The deaths come after the Japanese-owned MV Wakashio ran into a reef close to the coastline, leaking 1000 tonnes of oil leaked into the ocean.
Clean-up operations have largely been undertaken by Mauritian volunteers who have been seen scooping handfuls of oil into large barrels.
While preliminary autopsy results on two dolphins released by the government on Thursday showed no trace of oil, environmentalists are urging for the remaining animals to be tested.
Ecological strategist Sunil Mokshanand Dowarkasing spoke to Yahoo News Australia from Mauritius, questioning how authorities can suggest the deaths and the oil leak are a “pure coincidence”.
Mr Dowarkasing, who has been a critic of the government’s response to the emerging crisis, has filed an online petition urging the governments of Mauritius and Japan to fund an independent inquiry, garnering almost 120,000 signatures.

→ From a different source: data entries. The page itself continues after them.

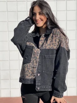 Джинсовая рубашка куртка оверсайз с леопардовым принтом
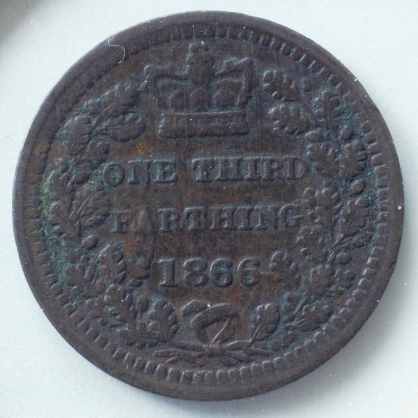 This 1866 Third Farthing seems to have a mis-strike(?) with an oval shape by the A in farthing. Is this of any interest?
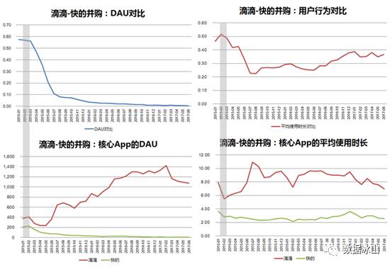 滴滴作为新公司的主导,无论是用户量还是品牌,滴滴用最快的速度(不到6个月)完成了整合以及对快的品牌的彻底消亡。从数据也可以发现,在完成整合之后,滴滴App的DAU和平均用户时长都有明显的提升。
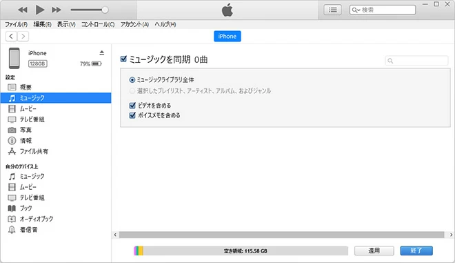 4. 準備がすべて整ったら、iTunesアプリウィンドウに戻り、ウィンドウの下部にある適用ボタンをクリックして、iTunesライブラリからiPhoneへの音楽の同期を開始させます。プロセスが終了するまで、iPhoneの接続を切らないでください。
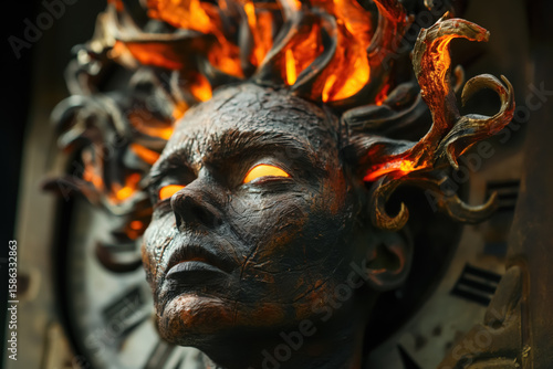 Fiery Medusa Head Sculpture with Glowing Eyes and Clock Background – Fantasy Mythological Artwork
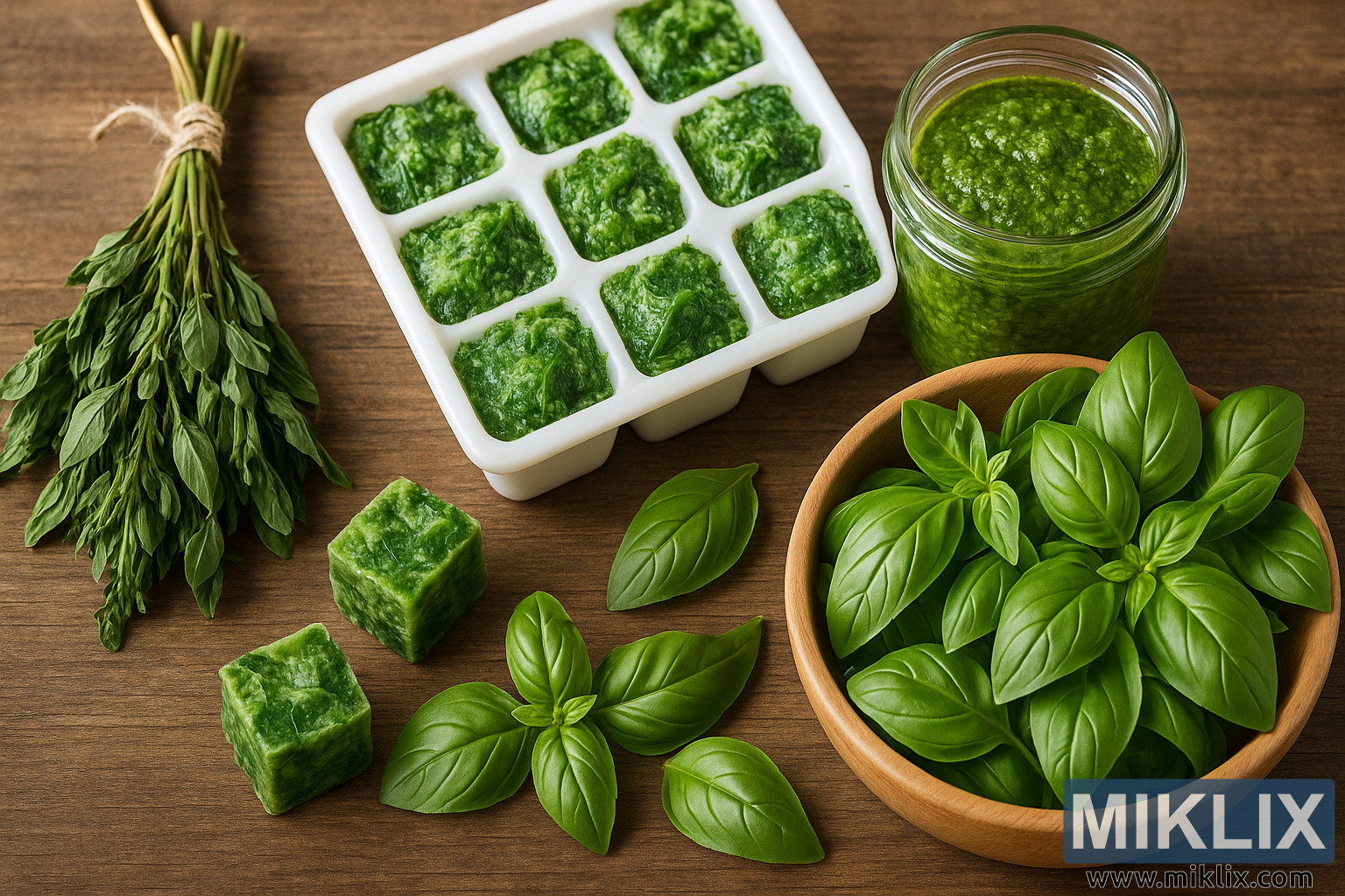 Together, these elements form a cohesive and educational composition that visually documents three primary ways of preserving basil: drying, freezing, and blending into pesto. The layout is clean and intentional, guiding the viewer’s eye across each stage of basil’s culinary journey. The natural lighting enhances the textures and colors of each component, celebrating basil’s versatility in the kitchen while demonstrating practical options for reducing waste and storing seasonal herbs for future enjoyment.
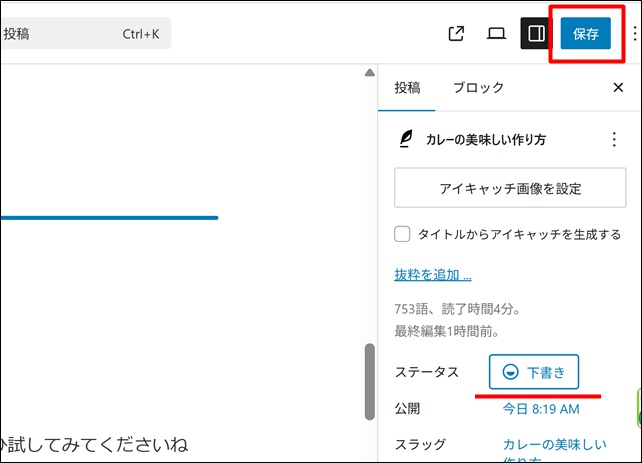ステータスが「下書き」に変わったことを確認したら「保存」をクリック。
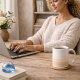 Sunrise-inspired neutral design in taupe and ivory. This white ceramic mug features a soft wrap gradient rising from warm taupe to light ivory, finished with subtle serif “Faded Light” lettering near the base. Ideal for morning coffee on a bright kitchen counter or styled into a light, modern desk setup.
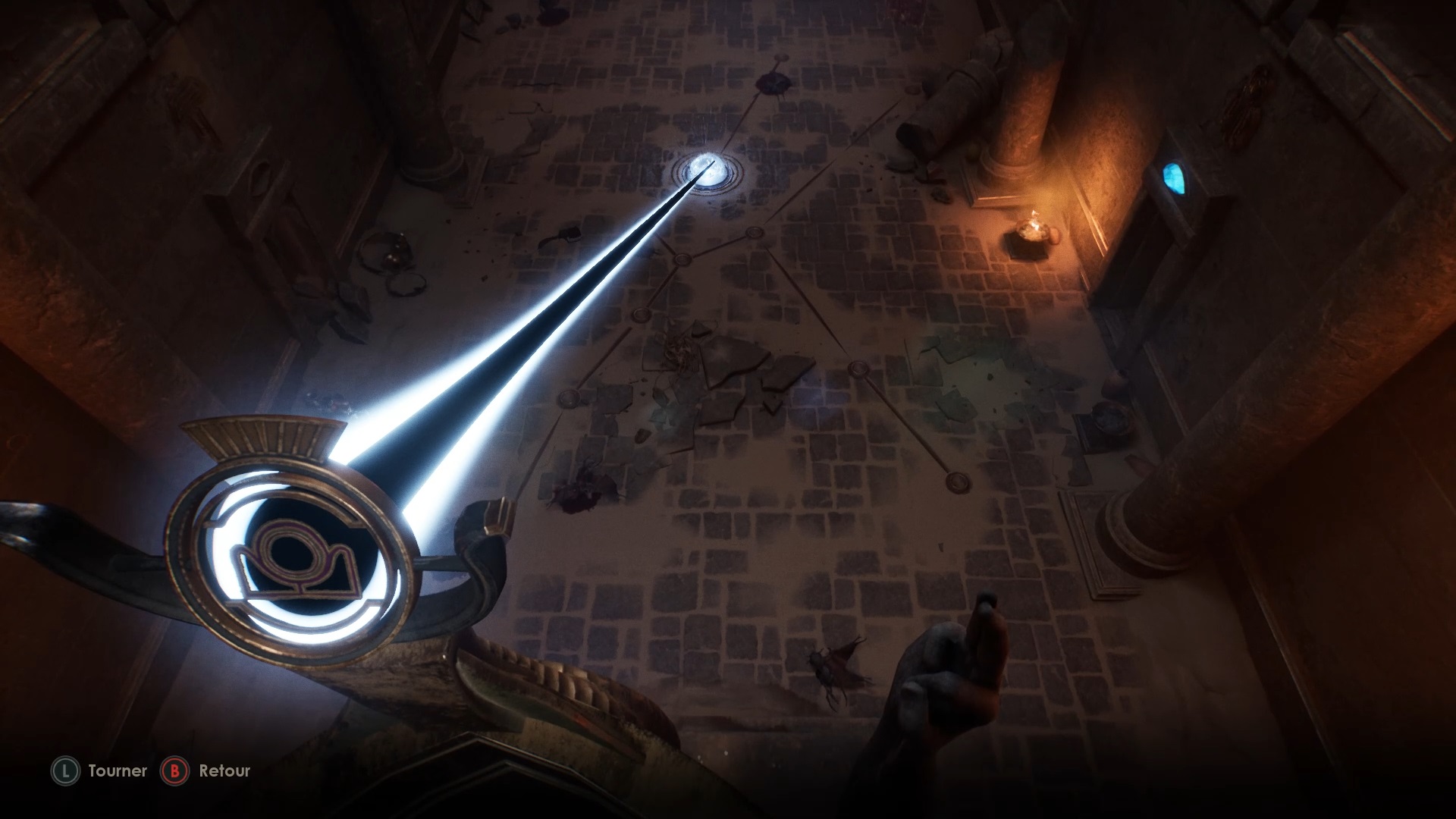 Revenez ensuite à la statue précédente du balcon pour viser un joyau de la statue. Utilisez ensuite la nouvelle lentille avec la statue en face de la statue. Ouvrez un nouveau passage en bas à droite de la salle et descendez pour aller à l’intérieur.
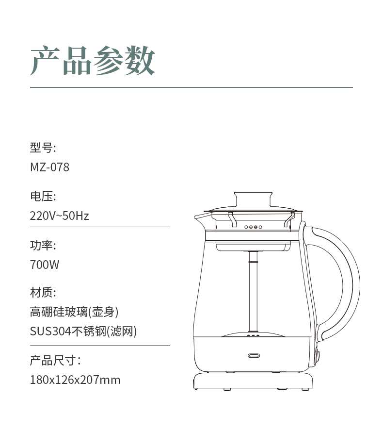 商品名称:(超运·禾贸)鸣盏煮茶器MZ-078白 自动保温多功能加厚玻璃蒸汽养生壶煮茶壶
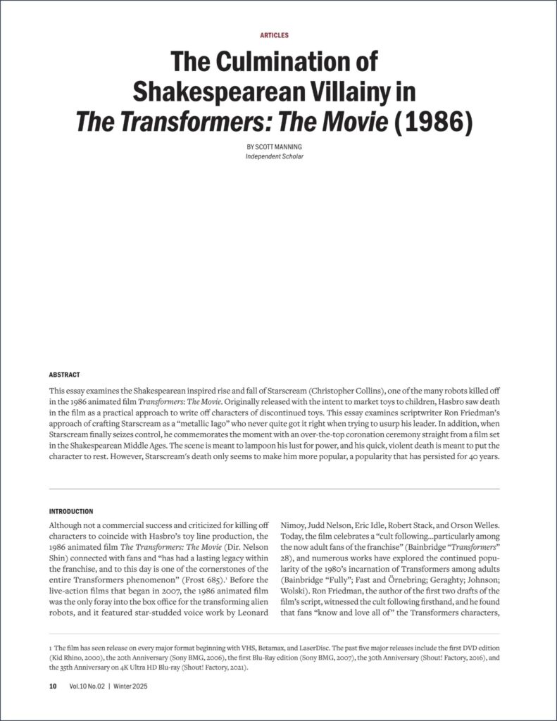 “The Culmination of Shakespearean Villainy in The Transformers: The Movie (1986),” Mise-en-scène: The Journal of Film & Visual Narration 10.2 (Winter 2025): 10-18.
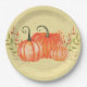 Jolies plaques d'automne avec un trio de citrouilles aquarelles avec branches de feuilles d'automne sur arrière - plan burlap léger.
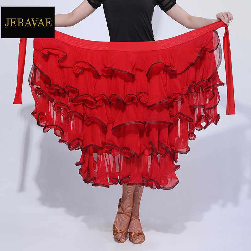 Black Latin Practice Skirt with Two Layers of Black and White Fringe in Angular Hem Shape PRA 310_sale
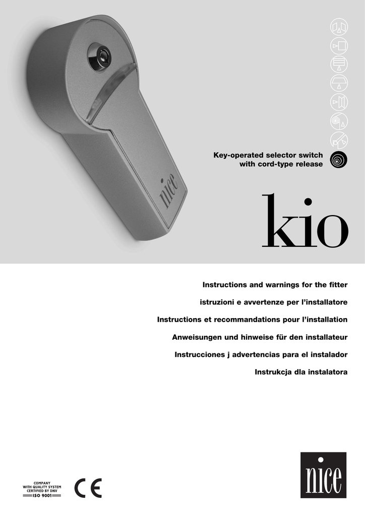 Key-operated selector switch with cord-type release kio Instructions and warnings for the fitter istruzioni e avvertenze per l’installatore Instructions et recommandations pour l’installation Anweisungen und hinweise für den installateur Instrucciones j advertencias para el instalador Instrukcja dla instalatora kio Spis: pag. pag. 1 Opis 24 6 Test odbiorczy 25 2 Wymiary Gabarytowe 24 7 Czynności konserwacyjne 25 3 Mocowanie 24 8 Utylizacja 25 4 Połączenia Elektryczne 25 9 Dane techniczne 25 5 Ruch Ręczny 25 PL Ostrzeżenie Niniejsza instrukcja przeznaczona jest wyłącznie dla technika instalatora z odpowiednimi kwalifikacjami. Żadna z informacji zawartych w niniejszej instrukcji nie służy użytkownikowi. Przed przystąpieniem do instalowania automatyki należy uważnie przeczytać całą instrukcję, ponieważ dostarcza ona ważnych informacji związanych z bezpieczeństwem, instalacją, użytkowaniem i czynnościami konserwacyjnymi. Inne czynności poza tymi zawartymi w niniejszej instrukcji nie są dozwolone. Niewłaściwe użytkowanie może być źródłem uszkodzeń i niebezpiecznych sytuacji. Siłownik RONDO nie jest przeznaczony do użytku w środowisku zagrożonym eksplozją. 23 1) Opis KIO służy jako selektor kluczowy ze światełkiem nocnym i jako ręczne wysprzęglenie. Przekręcając kluczem o kąt około 30 od pozycji poziomej będziemy mieć do dyspozycji dwa wyłączniki: jeden w kierunku zegarowym i drugi w kierunku przeciwnym. Kontynuując przekręcanie klucza (w dowolnym kierunku) uchwyt otworzymy i będzie można wykonać ruch wysprzęglenia. Maksymalna długość ruchu wodzika wewnątrz uchwytu wynosi 60mm. Ot Wysprzęglenie 1 2) Wymiary Gabarytowe 2 1. 2. 3. 4. 5. 6. Przekręcić kluczem o 90 w żądanym kierunku; Rys. 3 Przekręcić uchwyt wysprzęglenia o 90; Rys. 4 Odkręcić i wyciągnąć wkręt mocujący osłonę; Rys. 5 Odczepić sprężynę naciskającą osłonę; Rys. 6 Dosunąć do ściany selektor i zaznaczyć pozycję otworów; Wywiercić cztery otwory i przymocować selektor do ściany 4 wkrętami, pamiętając o założeniu podkładek; Rys. 7 7. Podłączyć do wysprzęglenia linkę stalową, której 20 mm ma wystawać z powłoki; 8. Delikatnie odczepić pokrywkę (A) i ustawić wodzik na pozycji wskazanej na rysunku, po czym odkręcić śrubkę; Rys. 8 9. Założyć stalową linkę i zablokować śrubką; DOKR CIĆ DO OPORU; Rys. 8b 10. Zarejestrować natężenie linki mając na uwadze, że w tej pozycji automatyka jest odblokowana; 11. Założyć pokrywkę, o której mowa w punkcie 7; 12. Założyć na miejsce sprężynkę i ustawić osłonę (B) I przykręcić wkrętem (C). Rys. 9 24 Za Wysprzęglenie 4) Połączenia Elektryczne Do sterowania waszego urządzenia należy zastosować odpowiednie kontakty. Nigdy nie stosować ich do bezpośredniego sterowania silnika. Rys. 10 OTWIERA ŚWIATEłKO OSTRZEGAWCZE ZAMYKA 10 5) Ruch Ręczny 1. Ruch ręczny należy wykonać przy bramie zamkniętej. 2. Całkowicie przekręcić kluczem uchwyt wysprzęgający pomagając sobie palcem; Rys. 11. 3. Otworzyć do 90 uchwyt wysprzęglenia. Rys. 12 W tym wypadku uzyska się wystarczającą długość ruchu linki do odblokowania automatyki RONDO. Gdy jednak do odblokowania automatyki wymagana jest dłuższa długość ruchu należy postąpić następująco; 4. Gdy uchwyt jest otwarty pociągnąć pokrętło w kierunku do siebie; Rys. 13 5. Przekręcić do oporu w kierunku zegarowym; Rys. 14 6. Otworzyć i zamknąć ręcznie bramę; 7. Aby zablokować siłownik przekręcić pokrętłem do oporu w kierunku przeciwnym; 8. Ponownie założyć pokrętło do uchwytu; 9. Zamknąć uchwyt lekkim naciśnięciem. Można zamknąć uchwyt nawet, gdy silnik jest odblokowany. PL 6) Test odbiorczy Test odbiorczy KIO wykonać według poniższej procedury: • Sprawdzić stan odlewow. • Sprawdzić czy zamek nie jest zardzewiały i czy klucz przekręca się swobodnie. • Sprawdzić czy ruch wysprzęglania odbywa się swobodnie. • • • • Sprawdzić czy wnętrze wyłącznika nie jest zabrudzone osadem. Sprawdzić stan połączeń elektrycznych. Sprawdzić stan połączeń śrubowych. Sprawdzić funkcjonowanie złączy. 7) Czynności konserwacyjne KIO nie wymaga specjalnej uwagi, ale należy wykonywać czynności konserwacyjne zaprogramowane co najmniej co 6 miesięcy należy wówczas sprawdzić jego stan (obecność wilgotności, osadów, itp.) i należy powtórzyć próby ostateczne. 8) Utylizacja KIO zbudowany jest z wielu rodzajów surowców, niektóre z nich można przerobić. Zapoznać się z obowiązującymi miejscowymi normami zbytu produktu. 9) Dane techniczne Typologia Zasilenia do światełka nocnego Stopień zabezpieczenia Temperatura funkcjonowania Maksymalne napięcie w kontaktach Maksymalny prąd w kontaktach Kody zamknięcia : : : : : : : Wyłącznik na klucz z linowym wysprzęglaniem Od 12V do 36Vdc, od 12V do 28Vac IP 55 Od -20 do + 55°C (bez zamrażania) 50Vac - Vdc 1A 250.000 Nice zastrzega sobie prawo do wprowadzenia zmian w produktach w każdym momencie, kiedy będzie uważała za niezbędne. 25 3 4 5 A 6 7 8 B C 8b 9 11 12 13 14 KIO 15 rif. mod. 1 2 3 4 5 6 7 8 9 10 11 12 13 14 15 16 17 18 19 20 21 22 23 24 25 26 27 28 29 30 31 32 BMG0796 BMG0798 BMM0797 PPD0805 PPD0802 PPD0824 PPD0823 PPD0799 PPD0803 PPD0800 PPD0801 PPD0804 PMD0806 PMD0807 V4x10-B V4.2x9 MO-0922 V3.5x25 V3.5x13 R05 PMCS42 G5x6 MO-0923 PMD0925 PMCSE8 MICROI-C GOR-E GOR-A 149-A CM-H MO-0924 MPTASS-A art. 34567 34567 34567 4540 4540 4540 4540 4540 4540 4540 4540 4540 4610 4610 5102 5101 2640 5101 5101 5120 4630 5123 2640 4610 4630 1617 5501 5501 8001 1630 2640 5101 Dichiarazione CE di conformità / EC declaration of conformity Numero / Number: 169/KIO Data / Date: 04/2003 Revisione / Revision: 0 Il sottoscritto Lauro Buoro, Amministratore Delegato, dichiara che il prodotto: The undersigned Lauro Buoro, General Manager, declares that the product: Nome produttore / Producer name: In

Mr Dowarkasing is calling for the remaining animals to be urgently tested, saying locals are concerned by the environmental devastation facing their homeland.
“All the people in that region are just mentioning that they have never seen anything like that before,” Mr Dowarkasing said.
“This is this number is what we know, this number is (just) the dolphins that have reached the coast.
“There could be more than which haven’t come to the coast, which has been drifted away by the currents to the high seas, or which might might have been eaten by sharks as well.
“So, we don’t know, but the strict number we can say is 27.”
After eight dead and dying dolphins were found dead on Wednesday, Greenpeace called the discovery “deeply sad and alarming”.
They have called on the Mauritian government to show greater transparency and accountability as they investigate the spill.
The autopsy on the first two dolphins was conducted by the government-run Albion Fisheries Research Centre.
"The preliminary results show that the animals did not have trace of hydrocarbon in their respiratory system, nor in their skin, throat or stomach," the report said.
Jasvin Sok Appadu from the fisheries ministry said autopsies will be carried out on all other dolphins.